But I digress…
As silly as it sounds, if you’re a westerner like me looking to up your culture-cred by taking a trip to the far east, you could do worse than visiting Japan. It’s stunning. What’s ironic though, is just how incredible their celebration of the novelty of western culture’s celebration of fantasy, imagination, and lore is. And what I’m referring to, of course, is the Tokyo Disney Resort. I don’t feel stupid saying this: If you go to Japan, as dorky as it sounds, you need to budget a minimum of two days to experience this place. Nothing like it has ever been created and nothing like it probably ever will be created again in our lifetime.

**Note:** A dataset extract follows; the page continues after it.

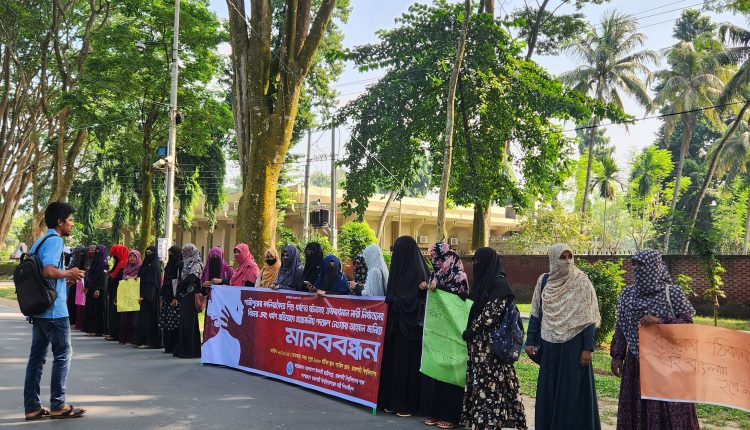 গাজীপুরে শিশু ধর্ষণের ঘটনায় রাবি ছাত্রী সংস্থার মানবনন্ধন

As I said above, today I’ll focus on the land within the Tokyo DisneySea park called the Mysterious Island. I preemptively apologize to you that my photos aren’t better. At the time, I was still figuring out photography for myself and was working with nothing more than an average point-and-shoot Canon Powershot S110 (more on this in a subsequent post), but let’s get into this:
• The Mysterious Island •
The Mysterious Island is centered around the themes covered in three of Jules Verne’s novels: 20,000 Leagues Under the Sea, The Mysterious Island, and Journey to the Center of the Earth. While the books provided the framework for the creation of the land, the visual design drew all of its inspiration from the production and art design on the 1954 Disney film, as spearheaded by Harper Goff, Emile Kuri, and the unsung hero Fred Stoos (who drafted the final green-lit design for the Nautilus Submarine we all know and love)…with heavy reference being taken from the evolved designs of Tom Sherman, a protege of Harper Goff and steward of the film’s legacy from the 70’s through the mid 90’s.
The overall look of The Mysterious Island matches that of Vulcania from 20,000 Leagues Under the Sea, with a lagoon in the center where one can find Captain Nemo’s Nautilus submarine docked, along with various and sundry shops and food and beverage options, and no clear indicators pointing to where the rides queues themselves form. There are simply paths and walkways everywhere, which leaves it up to you to explore the area and wherein you might find your way onto a ride. I just loved it.
Around the Mysterious Island Lagoon
The Nautilus is one of two displayed in Disney parks (the other being in Paris…yes…another post), with this one being less accurate to the film and more fanciful as envisioned by Tim Delaney, a former Disney Imagineer who now runs his own design firm. The great thing about this boat is that you can walk right up to it (unlike Paris) and look in at the very accurate binnacle, wheel, compass, etc! It’s always inspiring to see full-size facsimiles of this submarine, I only wish I had been around for the original iteration in Disneyland back in the 50’s and 60’s.
The Nautilus and its accompanying E-Ticket Ride
Opposite the Nautilus in the lagoon is its namesake ride, indicated by a large spiral ramp downward into the bowels of the “island” but with no clear signs that I can recall indicating that that is what the ramp is an entrance to. The ride vehicles for the ride are somewhat polarizing in their design. On the one-hand, they’re the least hydrodynamic looking things you’ve ever seen. On the other hand, they’re completely self-contained vehicles on an inverted track running through an immensely detailed dry-for-wet e-ticket experience that is incredible. I’m sorry I don’t have pictures to show as I had to plug my ears for most of the ride. It’s very loud, and I don’t like overly loud sounds (not the ride’s fault…I’m just weird). If I go back, I’ll wear earplugs and photograph the heck out of that ride.
The Island’s other major attraction is Journey to the Center of the Earth, a ride based on the same platform as Disneyland’s Indiana Jones and the Temple of the Forbidden Eye (I believe the folks at Disney refer to the platform as EMV or Enhanced Motion Vehicle). The entrance to this queue was also somewhat ambiguous and looked like a giant covered open space to take shelter from inclement weather, but once you found your way in, you passed through miles of Disney serpentine and by numerous cages filled with Victorian ephemera meant to evoke the industrial age of Western European scientific exploits. You then enter elevators that take you down, once again, into the bowels of the island (and toward the center of the Earth) and board ride vehicles that take you on a journey through all sorts of fanciful underground settings as imagined from the book, culminating in an encounter with a gigantic and impressively fluid rock creature that cues the ride vehicle to high-tail it outa there, and of course, there’s a huge drop at the end.
Journey to the Center of the Earth
There are of course, shops and dining to be had, although they were not allowing lookie-loos like me into the restaurant (I wasn’t hungry so I couldn’t go inside), and you can see a couple of photos below.